# RECORDS TO USE
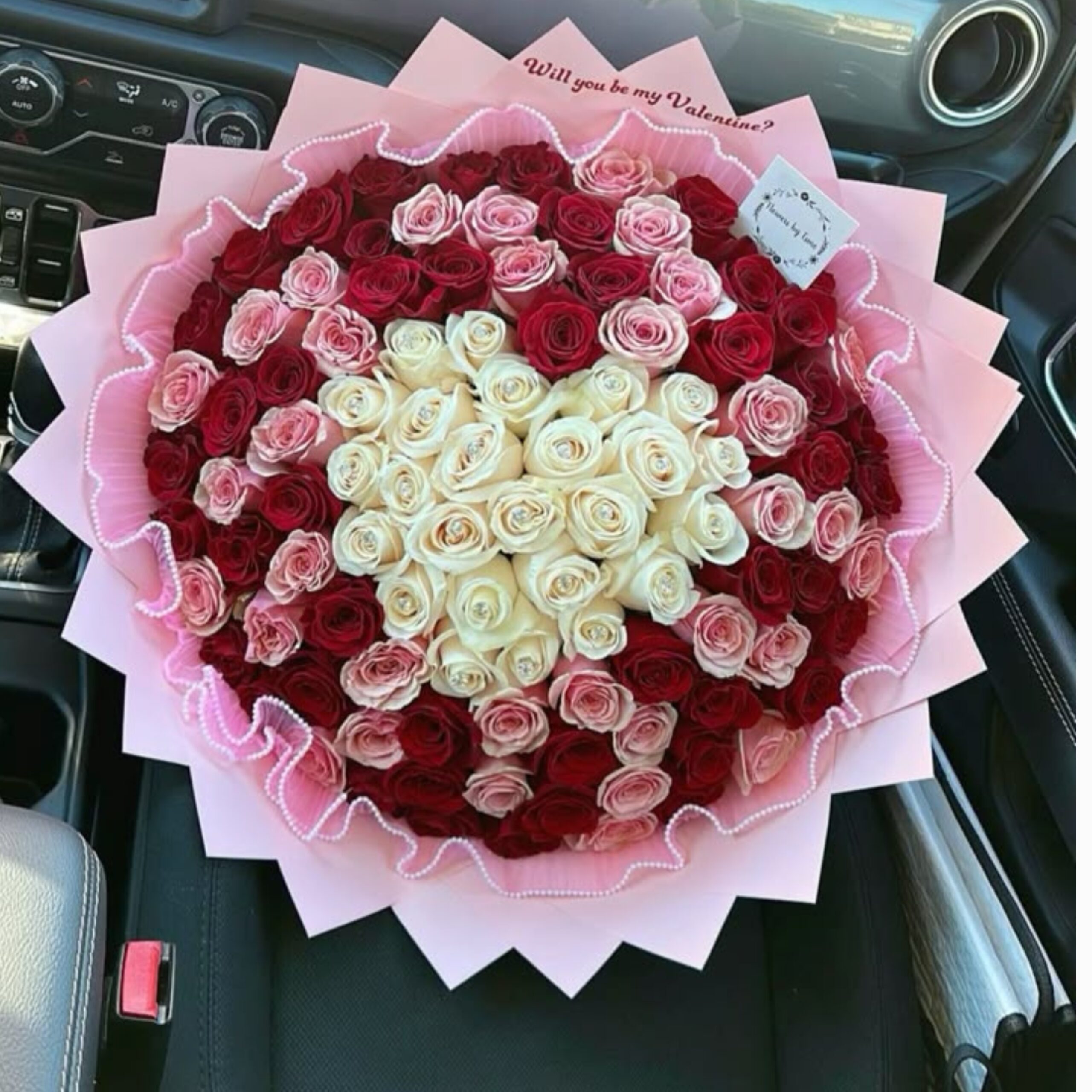 100 Pink & Purple Roses in Love Note
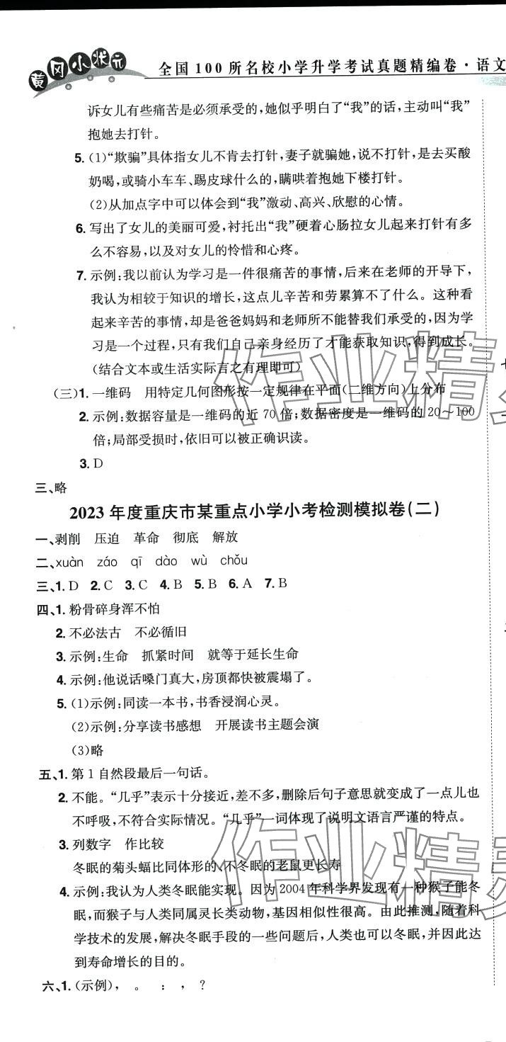 注:目前有些书本章节名称可能整理的还不是很完善,但都是按照顺序排列的,请同学们按照顺序仔细查找。练习册 2024年黄冈小状元小学升学考试真题精编卷六年级语文通用版 答案主要是用来给同学们做完题方便对答案用的,请勿直接抄袭。
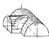В практике архитектурного проектирования существуют поверхности составного вида, которые отличаются от простых поверхностей тем, что они состоят из нескольких отсеков поверхностей. Все выше приведённые поверхности являлись простыми поверхностями. Составные поверхности могут спрягаться как гладко (рис.10) , когда каждая кривая поверхность на участке стыка изменяется плавно, так и не гладко (рис. 8-9). Рассмотрим несколько примеров составных поверхностей составных поверхностей, образованных отсеками гиперболического параболоида и эллипсоида вращения.
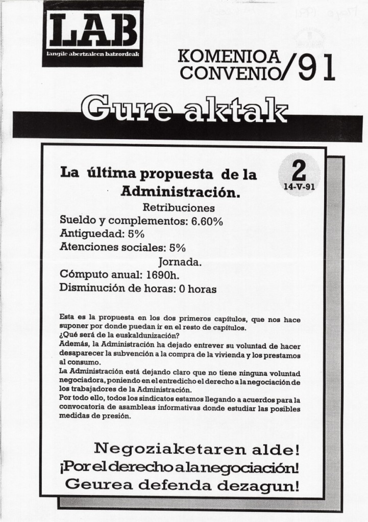 Título: Komenioa 91 [Material gráfico] : gure aktak... = Convenio 91
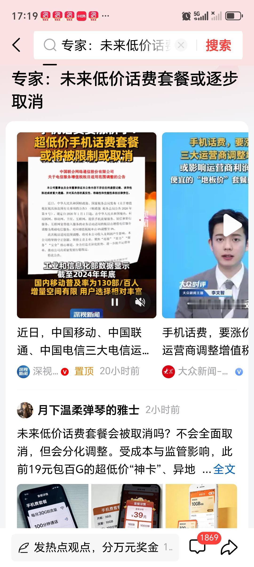 专家:未来低价话费套餐或逐步取消 专家说未来低价话费套餐或逐步取消,这消息听着就让人头大。现在大家生活成本这么高,低价套餐对很多人来说就是救命稻草,像我这种每月就打打电话、发发消息的,低价套餐完全够用,费用还低。要是都取消了,只能被迫选择更贵的套餐,这不是平白增加开支嘛。而且很多老年人,他们就用手机简单联络家人,低价套餐正合适。真不知道专家咋想的,光看运营商利益了,也不考虑考虑咱普通老百姓钱包受不受得了。
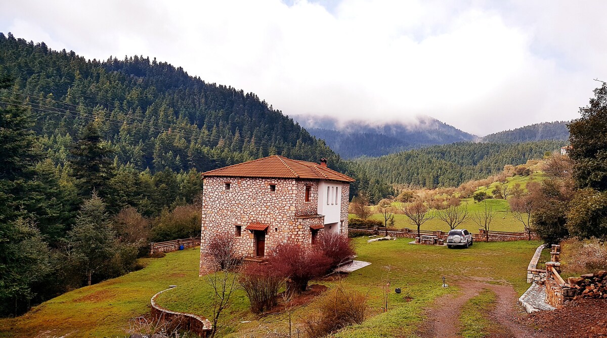 Our villa is spacious & well equipped with one master bedroom , three additional bedrooms, plus a beautiful garret & with two bathrooms. Stone is harmonically combined with wood & classical style while two fireplaces will add a warm feeling to your nights. Every single spot inside the house is a window for the most breathtaking view of the mountain. You will sleep by the burble sound of the rippling flow stream as it travels along the crossing river just outside the house. Pure magic ...
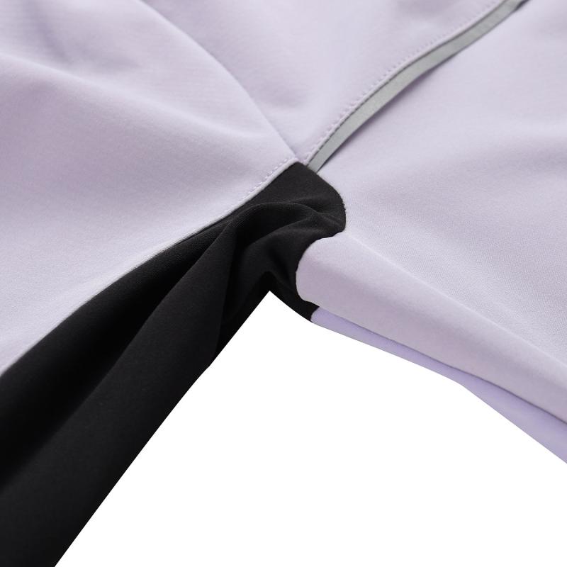 Polopriliehavý strih je doplnený anatomicky tvarovanými rukávmi a spodnou časťou nariasenou do gumy, čo zvyšuje pohodlie a zabezpečuje lepšie prilnutie k telu. Krytka pri brade chráni pred vetrom a dve praktické vrecká so zipsami sú ideálne pre bezpečné uloženie drobností. Bezpečnosť za šera alebo tmy zvyšuje reflexný potlač na švoch.
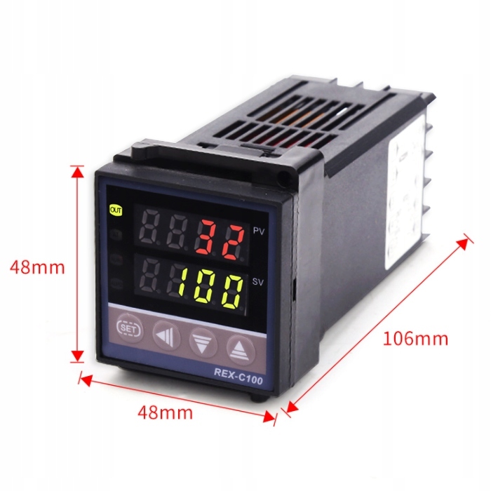 ✅ rkc rex-c100fk02-m*Драйвер имеет выход к встроенной реле (реле). ⭐ RKC REX-C100-контроллер температуры благодаря точности и очень большому диапазону температур означает, что его можно использовать в профессиональных устройствах, и благодаря низкой цене, которую он может использоваться любителями. ⭐ Контроллер позволяет поддерживать температуру на уровне заданного значения (SV), тестируя ее (PV) с помощью подключенных термопилов тип: K, J, R, S, B, E, T, N (JIS/IEC) , Plii (NBS) W5RE/ W26RE (ASTM), U, L (DIN), PT100 (JIS/ IEC), JPT100 (JIS). ⭐ Контроллер REX -C100, в зависимости от подключенной термопары, может регулировать температуру в диапазоне от -199 ° C до 1820 ° C. ⭐ Заводский регулятор установлен как: SLH (макс.) = 400 ° C и SL1 (датчик типа K) = 0000. ⭐ Эти параметры могут быть изменены в меню контроллера. ✅ Соединение REX C100 1, 2 -AC 230V источник питания переменного тока; 9 (-), 10 () -ThermoCouple (датчик температуры); 3, 4-й выпуск непосредственно к управляемому устройству или реле SSR (отдельный источник питания SSR требуется в зависимости от его DC-AC, AC-AC, DC-DC)
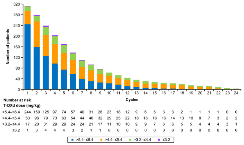 78.2%的患者初始T-DXd剂量为>5.4-≤6.4 mg/kg,16.0%接受>4.4-≤5.4 mg/kg的减量剂量。约三分之一患者(34.9%)接受<4周期治疗,29.8%接受4-7周期治疗,15.1%接受7-10周期治疗,8.7%接受10-13周期治疗,8.0%接受≥16周期治疗(图1)。

# ACTION ITEM
Please copy the data above exactly; the pictures do not belong in the copy.

# SOLUTION TO THE PROBLEM
 100 Pink & Purple Roses in Love Note
 注:目前有些书本章节名称可能整理的还不是很完善,但都是按照顺序排列的,请同学们按照顺序仔细查找。练习册 2024年黄冈小状元小学升学考试真题精编卷六年级语文通用版 答案主要是用来给同学们做完题方便对答案用的,请勿直接抄袭。
В практике архитектурного проектирования существуют поверхности составного вида, которые отличаются от простых поверхностей тем, что они состоят из нескольких отсеков поверхностей. Все выше приведённые поверхности являлись простыми поверхностями. Составные поверхности могут спрягаться как гладко (рис.10) , когда каждая кривая поверхность на участке стыка изменяется плавно, так и не гладко (рис. 8-9). Рассмотрим несколько примеров составных поверхностей составных поверхностей, образованных отсеками гиперболического параболоида и эллипсоида вращения.
 Título: Komenioa 91 [Material gráfico] : gure aktak... = Convenio 91
 专家:未来低价话费套餐或逐步取消 专家说未来低价话费套餐或逐步取消,这消息听着就让人头大。现在大家生活成本这么高,低价套餐对很多人来说就是救命稻草,像我这种每月就打打电话、发发消息的,低价套餐完全够用,费用还低。要是都取消了,只能被迫选择更贵的套餐,这不是平白增加开支嘛。而且很多老年人,他们就用手机简单联络家人,低价套餐正合适。真不知道专家咋想的,光看运营商利益了,也不考虑考虑咱普通老百姓钱包受不受得了。
 Our villa is spacious & well equipped with one master bedroom , three additional bedrooms, plus a beautiful garret & with two bathrooms. Stone is harmonically combined with wood & classical style while two fireplaces will add a warm feeling to your nights. Every single spot inside the house is a window for the most breathtaking view of the mountain. You will sleep by the burble sound of the rippling flow stream as it travels along the crossing river just outside the house. Pure magic ...
 Polopriliehavý strih je doplnený anatomicky tvarovanými rukávmi a spodnou časťou nariasenou do gumy, čo zvyšuje pohodlie a zabezpečuje lepšie prilnutie k telu. Krytka pri brade chráni pred vetrom a dve praktické vrecká so zipsami sú ideálne pre bezpečné uloženie drobností. Bezpečnosť za šera alebo tmy zvyšuje reflexný potlač na švoch.
 ✅ rkc rex-c100fk02-m*Драйвер имеет выход к встроенной реле (реле). ⭐ RKC REX-C100-контроллер температуры благодаря точности и очень большому диапазону температур означает, что его можно использовать в профессиональных устройствах, и благодаря низкой цене, которую он может использоваться любителями. ⭐ Контроллер позволяет поддерживать температуру на уровне заданного значения (SV), тестируя ее (PV) с помощью подключенных термопилов тип: K, J, R, S, B, E, T, N (JIS/IEC) , Plii (NBS) W5RE/ W26RE (ASTM), U, L (DIN), PT100 (JIS/ IEC), JPT100 (JIS). ⭐ Контроллер REX -C100, в зависимости от подключенной термопары, может регулировать температуру в диапазоне от -199 ° C до 1820 ° C. ⭐ Заводский регулятор установлен как: SLH (макс.) = 400 ° C и SL1 (датчик типа K) = 0000. ⭐ Эти параметры могут быть изменены в меню контроллера. ✅ Соединение REX C100 1, 2 -AC 230V источник питания переменного тока; 9 (-), 10 () -ThermoCouple (датчик температуры); 3, 4-й выпуск непосредственно к управляемому устройству или реле SSR (отдельный источник питания SSR требуется в зависимости от его DC-AC, AC-AC, DC-DC)
 78.2%的患者初始T-DXd剂量为>5.4-≤6.4 mg/kg,16.0%接受>4.4-≤5.4 mg/kg的减量剂量。约三分之一患者(34.9%)接受<4周期治疗,29.8%接受4-7周期治疗,15.1%接受7-10周期治疗,8.7%接受10-13周期治疗,8.0%接受≥16周期治疗(图1)。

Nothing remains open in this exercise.